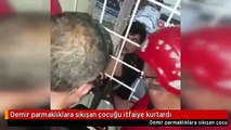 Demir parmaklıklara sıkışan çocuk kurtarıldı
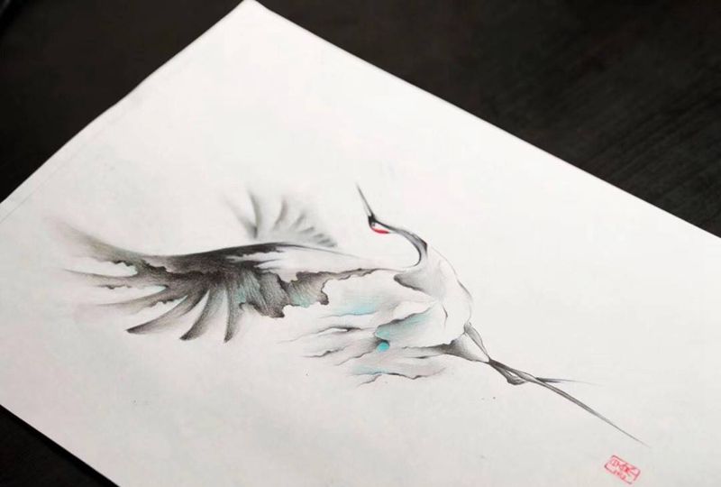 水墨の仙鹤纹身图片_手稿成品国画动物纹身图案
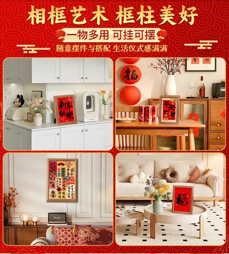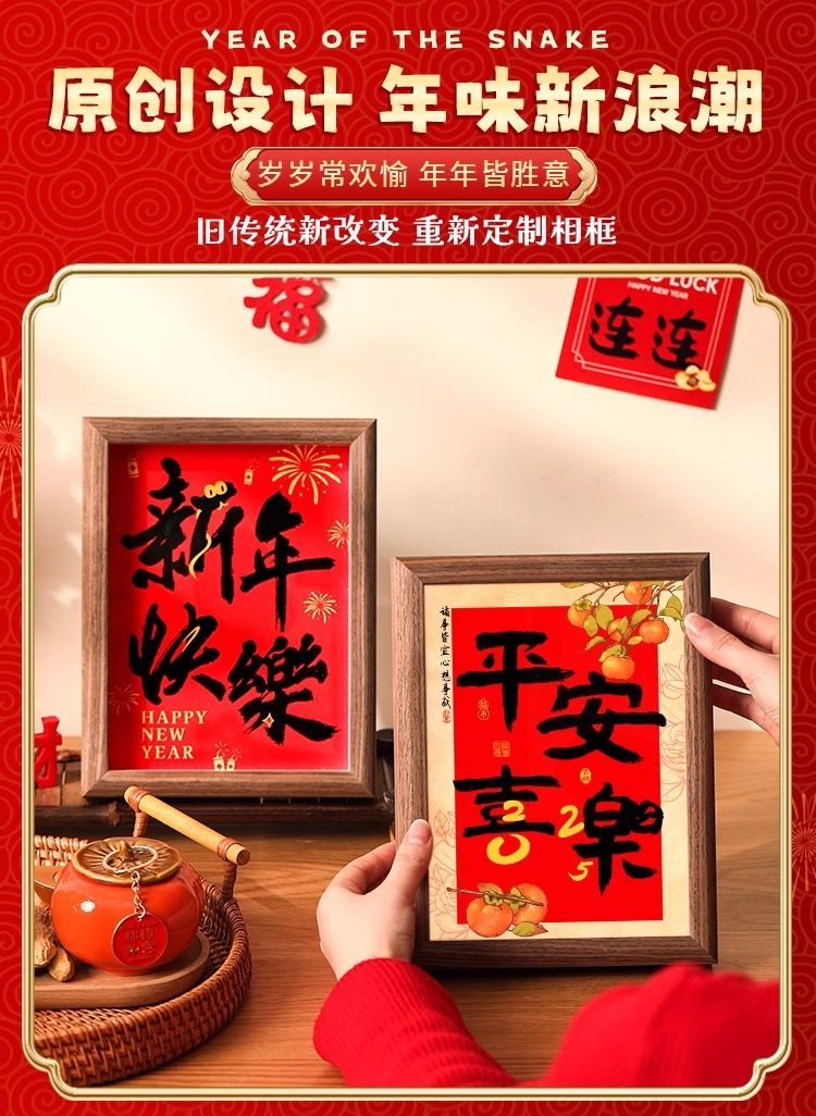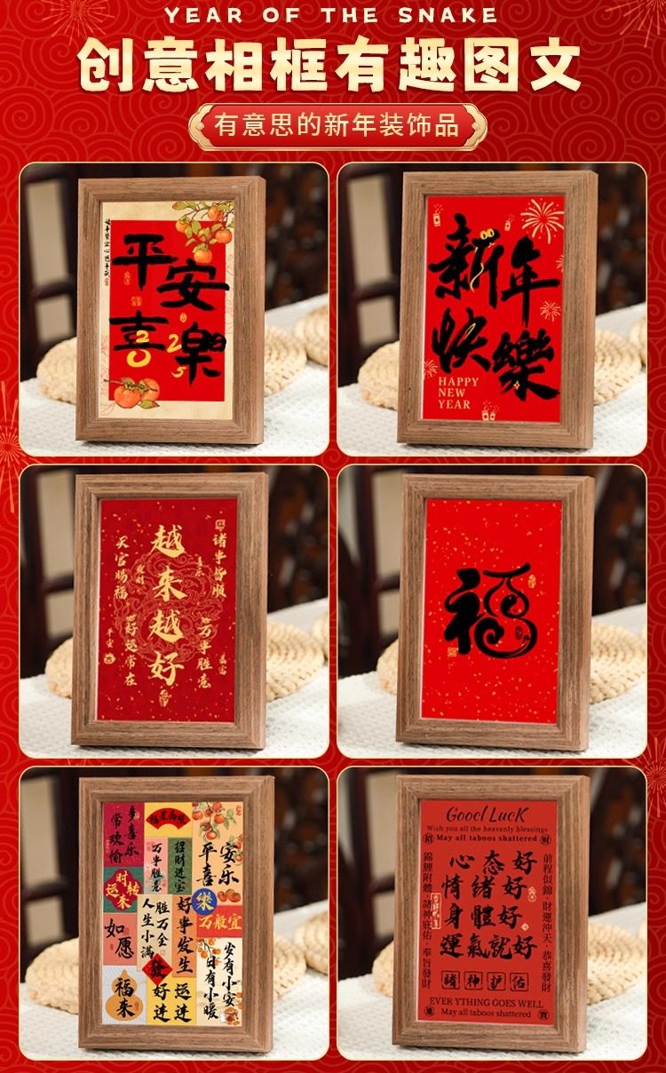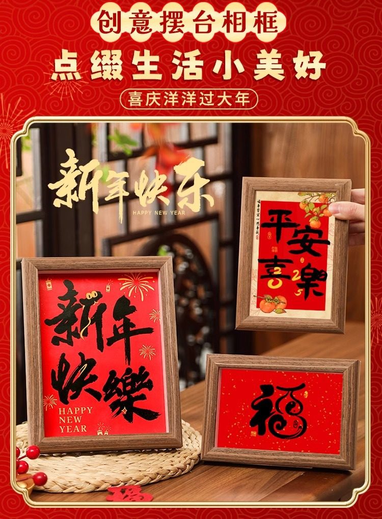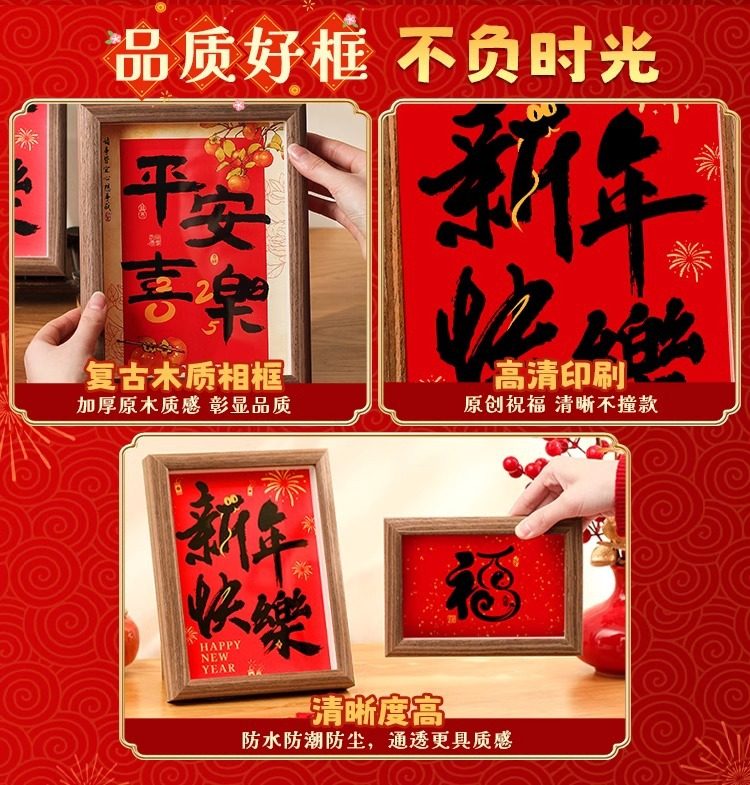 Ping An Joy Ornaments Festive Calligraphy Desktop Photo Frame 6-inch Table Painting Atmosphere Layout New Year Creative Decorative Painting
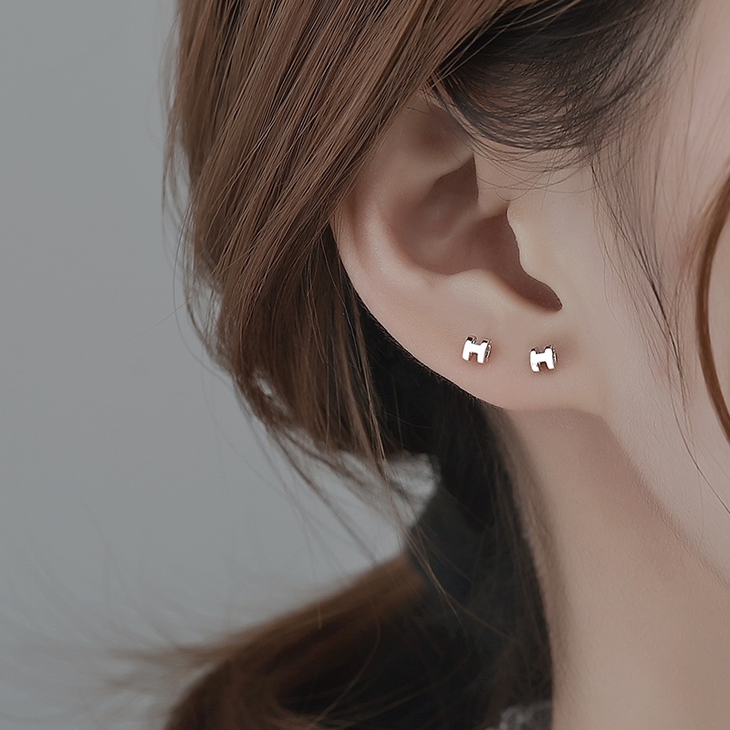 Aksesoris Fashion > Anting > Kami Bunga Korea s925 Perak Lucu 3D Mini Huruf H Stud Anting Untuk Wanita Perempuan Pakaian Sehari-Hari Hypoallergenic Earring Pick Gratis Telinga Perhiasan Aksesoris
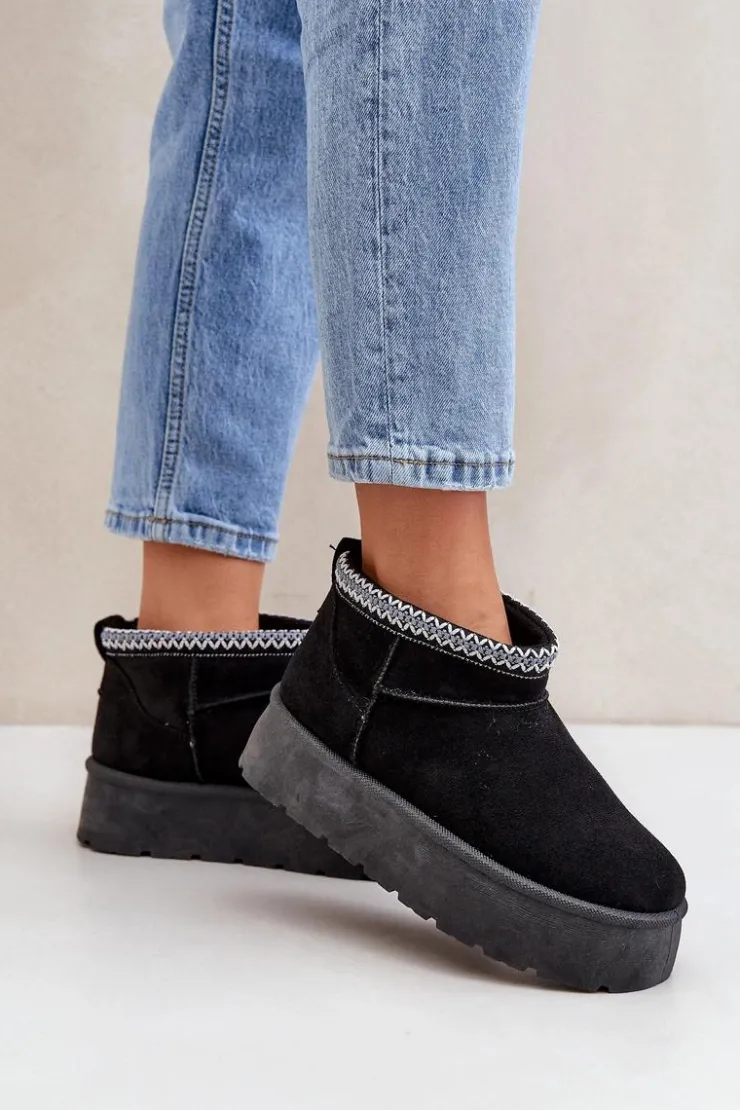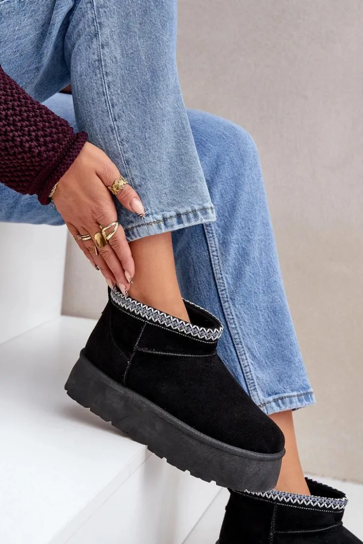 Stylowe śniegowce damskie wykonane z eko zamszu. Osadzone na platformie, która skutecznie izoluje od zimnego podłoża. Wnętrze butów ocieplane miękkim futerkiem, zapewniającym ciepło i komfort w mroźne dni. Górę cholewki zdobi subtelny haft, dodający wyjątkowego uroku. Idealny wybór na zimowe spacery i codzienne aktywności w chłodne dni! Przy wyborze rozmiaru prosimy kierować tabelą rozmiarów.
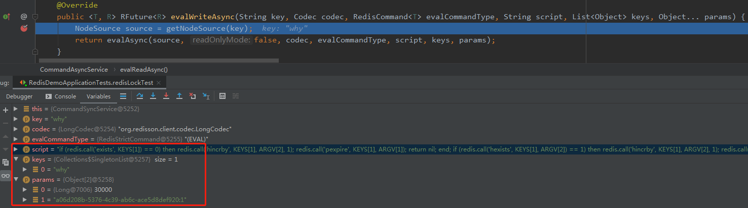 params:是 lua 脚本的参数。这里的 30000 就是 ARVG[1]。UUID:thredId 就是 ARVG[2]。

※

* [EXERCISE] Restate the listing word for word, pictures excluded.

* [ANSWER]
 Demir parmaklıklara sıkışan çocuk kurtarıldı
 水墨の仙鹤纹身图片_手稿成品国画动物纹身图案
 Ping An Joy Ornaments Festive Calligraphy Desktop Photo Frame 6-inch Table Painting Atmosphere Layout New Year Creative Decorative Painting
 Aksesoris Fashion > Anting > Kami Bunga Korea s925 Perak Lucu 3D Mini Huruf H Stud Anting Untuk Wanita Perempuan Pakaian Sehari-Hari Hypoallergenic Earring Pick Gratis Telinga Perhiasan Aksesoris
 Stylowe śniegowce damskie wykonane z eko zamszu. Osadzone na platformie, która skutecznie izoluje od zimnego podłoża. Wnętrze butów ocieplane miękkim futerkiem, zapewniającym ciepło i komfort w mroźne dni. Górę cholewki zdobi subtelny haft, dodający wyjątkowego uroku. Idealny wybór na zimowe spacery i codzienne aktywności w chłodne dni! Przy wyborze rozmiaru prosimy kierować tabelą rozmiarów.
 params:是 lua 脚本的参数。这里的 30000 就是 ARVG[1]。UUID:thredId 就是 ARVG[2]。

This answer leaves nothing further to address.